**RECORDS FOR THIS TASK**
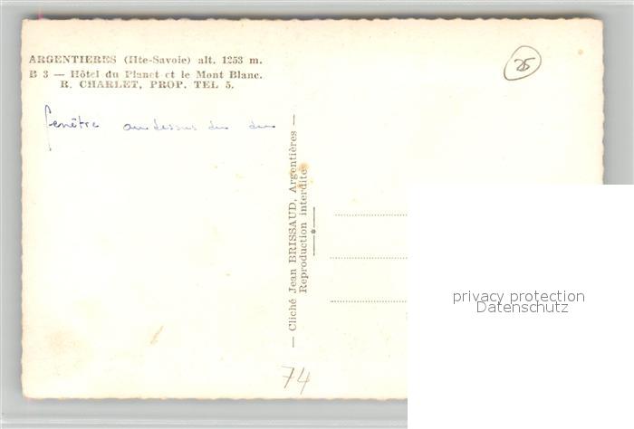 13489850 Argentiere Haute-Savoie Hotel du Planet Mont Blanc Alpes Francaises postalisch nicht gelaufen Erhaltung siehe scans [FriedD77] KatCode: 11170074274056
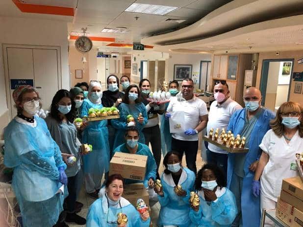 הצוותים הרפואיים נהנו מביצי הפתעה קינדר מקסי, שוקולד סנאי של פררו רושה וכדור שוקולד גרנד
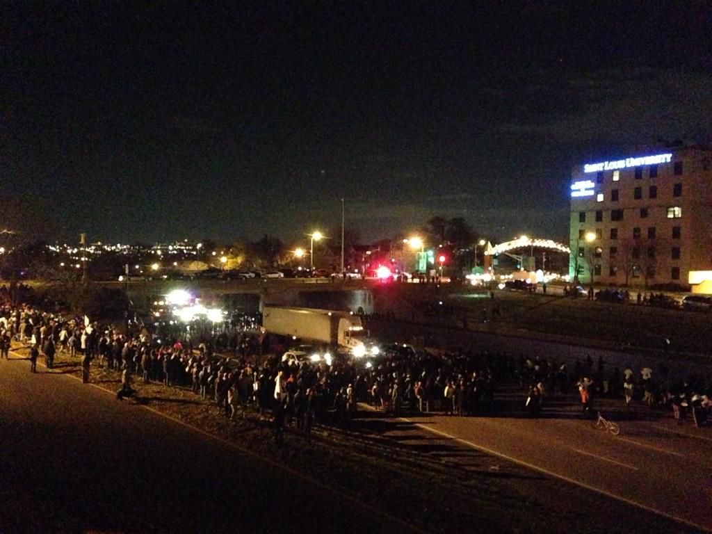 : Chanting "no justice no peace" at shut down interstate 44 and Grand. #FergusonDecision
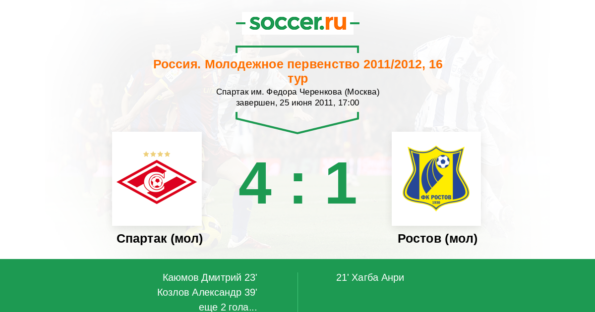 Протокол матча Спартак (мол) против Ростов (мол)
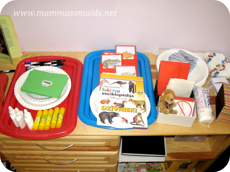 Zemāk var redzēt izliktos piecus šķīvjus,  uz kuriem sašķirojām dzīvniekus un bērnus strādājam ar zooloģijas puzlēm.
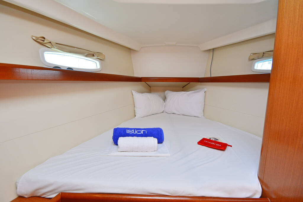 Sailing yacht Oceanis 43 Belamour, built in 2008 is anchored in the Kos, Kos Marina, Dodecanese, Greece. It has 4 cabins, can accommodate 10 people and has 2 toilets. Bed linen and kitchen equipment are included in the price.
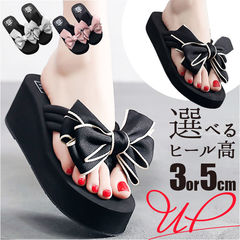 ビーチサンダル レディース 厚底 おしゃれ【ブラック×フラワー】【23cm】

**WHAT TO PRODUCE**
The lines from the start of the data through the line that contains "Протокол матча Спартак" are to be returned exactly, please, with both ends included and every picture left out.

**EXERCISE SOLUTION**
 13489850 Argentiere Haute-Savoie Hotel du Planet Mont Blanc Alpes Francaises postalisch nicht gelaufen Erhaltung siehe scans [FriedD77] KatCode: 11170074274056
 הצוותים הרפואיים נהנו מביצי הפתעה קינדר מקסי, שוקולד סנאי של פררו רושה וכדור שוקולד גרנד
 : Chanting "no justice no peace" at shut down interstate 44 and Grand. #FergusonDecision
 Протокол матча Спартак (мол) против Ростов (мол)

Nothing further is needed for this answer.